Exercise »
With the pictures set aside, write out all of the data exactly as it stands.

Task data »
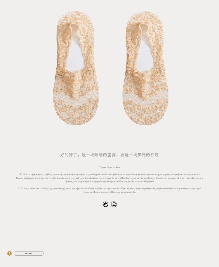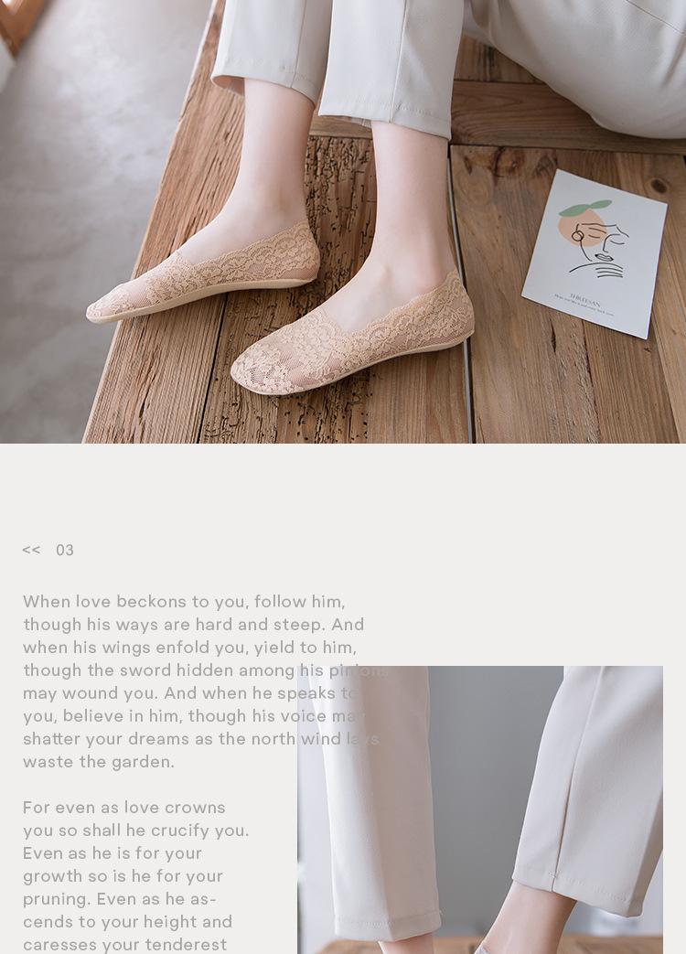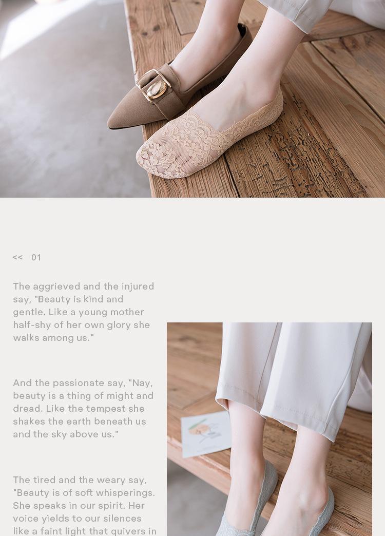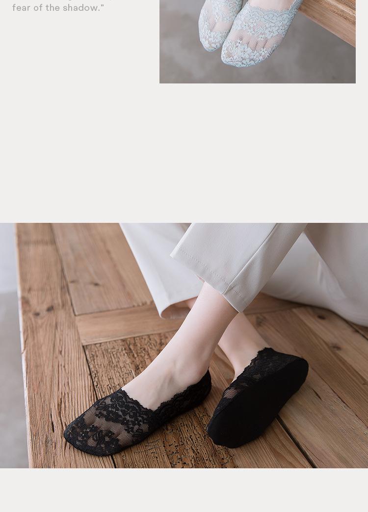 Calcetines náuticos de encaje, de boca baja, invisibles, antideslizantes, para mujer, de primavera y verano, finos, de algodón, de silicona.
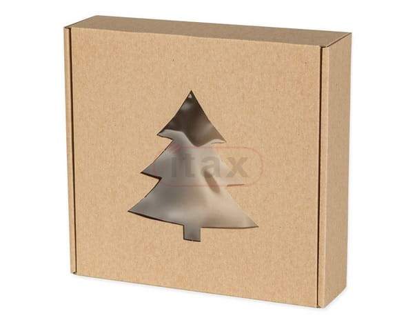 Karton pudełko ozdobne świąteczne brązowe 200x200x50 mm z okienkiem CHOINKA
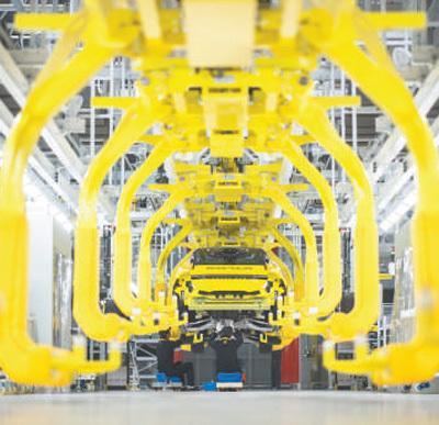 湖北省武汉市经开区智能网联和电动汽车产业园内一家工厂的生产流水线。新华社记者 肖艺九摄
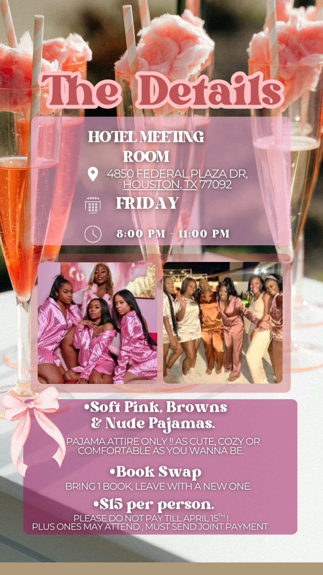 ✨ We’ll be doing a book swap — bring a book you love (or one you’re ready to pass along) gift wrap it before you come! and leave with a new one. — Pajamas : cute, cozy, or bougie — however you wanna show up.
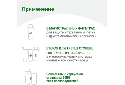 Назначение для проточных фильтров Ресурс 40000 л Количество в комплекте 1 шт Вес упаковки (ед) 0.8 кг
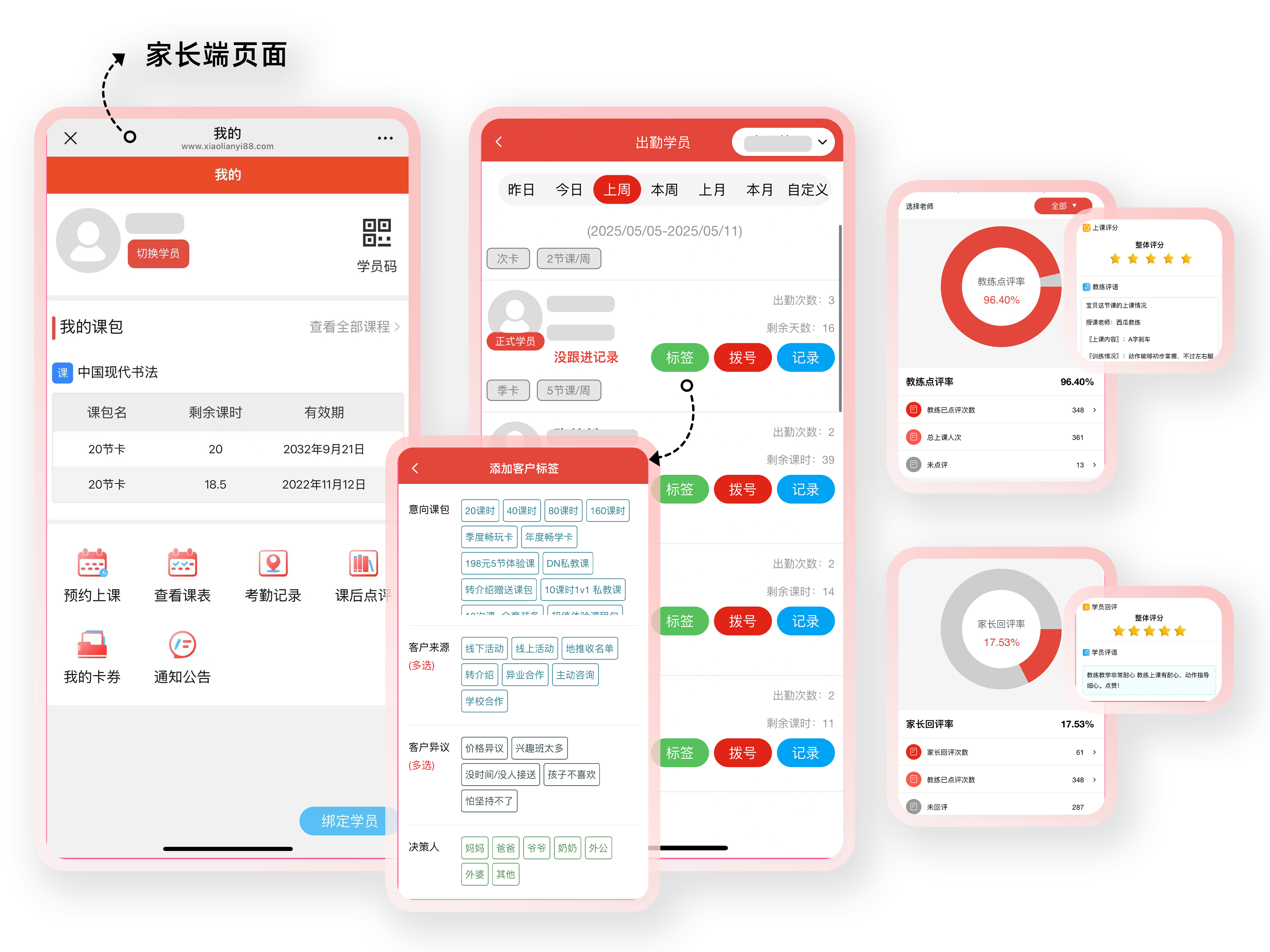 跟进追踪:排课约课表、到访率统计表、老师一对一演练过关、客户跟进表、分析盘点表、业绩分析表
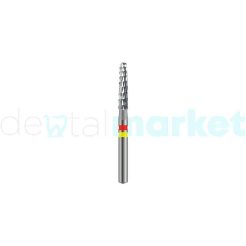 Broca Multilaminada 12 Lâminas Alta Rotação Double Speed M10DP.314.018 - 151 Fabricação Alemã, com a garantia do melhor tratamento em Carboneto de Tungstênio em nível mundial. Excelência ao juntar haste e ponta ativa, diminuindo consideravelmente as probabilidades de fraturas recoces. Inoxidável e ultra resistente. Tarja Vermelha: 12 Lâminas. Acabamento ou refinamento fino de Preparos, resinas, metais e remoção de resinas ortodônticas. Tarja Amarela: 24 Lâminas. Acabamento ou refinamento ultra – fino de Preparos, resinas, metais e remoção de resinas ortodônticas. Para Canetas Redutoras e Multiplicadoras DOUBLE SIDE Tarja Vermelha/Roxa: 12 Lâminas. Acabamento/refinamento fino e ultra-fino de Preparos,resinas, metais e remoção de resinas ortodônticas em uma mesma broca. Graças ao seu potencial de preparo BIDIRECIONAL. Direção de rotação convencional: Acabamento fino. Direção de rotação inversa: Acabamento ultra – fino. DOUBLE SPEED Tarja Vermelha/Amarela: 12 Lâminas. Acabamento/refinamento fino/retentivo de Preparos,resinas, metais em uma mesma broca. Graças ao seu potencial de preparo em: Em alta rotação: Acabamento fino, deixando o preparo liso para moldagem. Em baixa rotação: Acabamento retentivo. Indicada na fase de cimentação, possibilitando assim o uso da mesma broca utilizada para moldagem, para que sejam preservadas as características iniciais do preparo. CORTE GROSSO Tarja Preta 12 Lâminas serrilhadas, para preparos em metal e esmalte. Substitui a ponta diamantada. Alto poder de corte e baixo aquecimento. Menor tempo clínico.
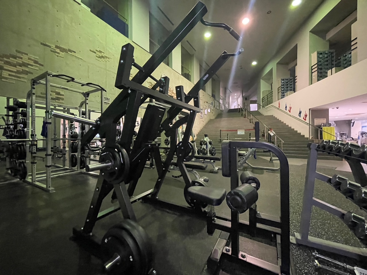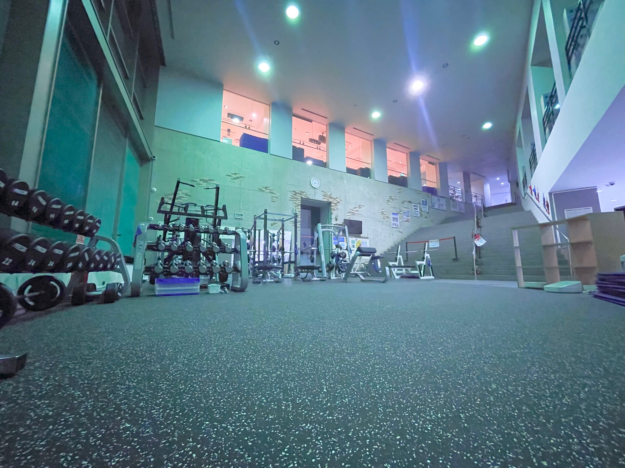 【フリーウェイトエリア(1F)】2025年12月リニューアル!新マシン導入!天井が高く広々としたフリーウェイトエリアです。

Solution to the problem »
 Calcetines náuticos de encaje, de boca baja, invisibles, antideslizantes, para mujer, de primavera y verano, finos, de algodón, de silicona.
 Karton pudełko ozdobne świąteczne brązowe 200x200x50 mm z okienkiem CHOINKA
 湖北省武汉市经开区智能网联和电动汽车产业园内一家工厂的生产流水线。新华社记者 肖艺九摄
 ✨ We’ll be doing a book swap — bring a book you love (or one you’re ready to pass along) gift wrap it before you come! and leave with a new one. — Pajamas : cute, cozy, or bougie — however you wanna show up.
 Назначение для проточных фильтров Ресурс 40000 л Количество в комплекте 1 шт Вес упаковки (ед) 0.8 кг
 跟进追踪:排课约课表、到访率统计表、老师一对一演练过关、客户跟进表、分析盘点表、业绩分析表
 Broca Multilaminada 12 Lâminas Alta Rotação Double Speed M10DP.314.018 - 151 Fabricação Alemã, com a garantia do melhor tratamento em Carboneto de Tungstênio em nível mundial. Excelência ao juntar haste e ponta ativa, diminuindo consideravelmente as probabilidades de fraturas recoces. Inoxidável e ultra resistente. Tarja Vermelha: 12 Lâminas. Acabamento ou refinamento fino de Preparos, resinas, metais e remoção de resinas ortodônticas. Tarja Amarela: 24 Lâminas. Acabamento ou refinamento ultra – fino de Preparos, resinas, metais e remoção de resinas ortodônticas. Para Canetas Redutoras e Multiplicadoras DOUBLE SIDE Tarja Vermelha/Roxa: 12 Lâminas. Acabamento/refinamento fino e ultra-fino de Preparos,resinas, metais e remoção de resinas ortodônticas em uma mesma broca. Graças ao seu potencial de preparo BIDIRECIONAL. Direção de rotação convencional: Acabamento fino. Direção de rotação inversa: Acabamento ultra – fino. DOUBLE SPEED Tarja Vermelha/Amarela: 12 Lâminas. Acabamento/refinamento fino/retentivo de Preparos,resinas, metais em uma mesma broca. Graças ao seu potencial de preparo em: Em alta rotação: Acabamento fino, deixando o preparo liso para moldagem. Em baixa rotação: Acabamento retentivo. Indicada na fase de cimentação, possibilitando assim o uso da mesma broca utilizada para moldagem, para que sejam preservadas as características iniciais do preparo. CORTE GROSSO Tarja Preta 12 Lâminas serrilhadas, para preparos em metal e esmalte. Substitui a ponta diamantada. Alto poder de corte e baixo aquecimento. Menor tempo clínico.
 【フリーウェイトエリア(1F)】2025年12月リニューアル!新マシン導入!天井が高く広々としたフリーウェイトエリアです。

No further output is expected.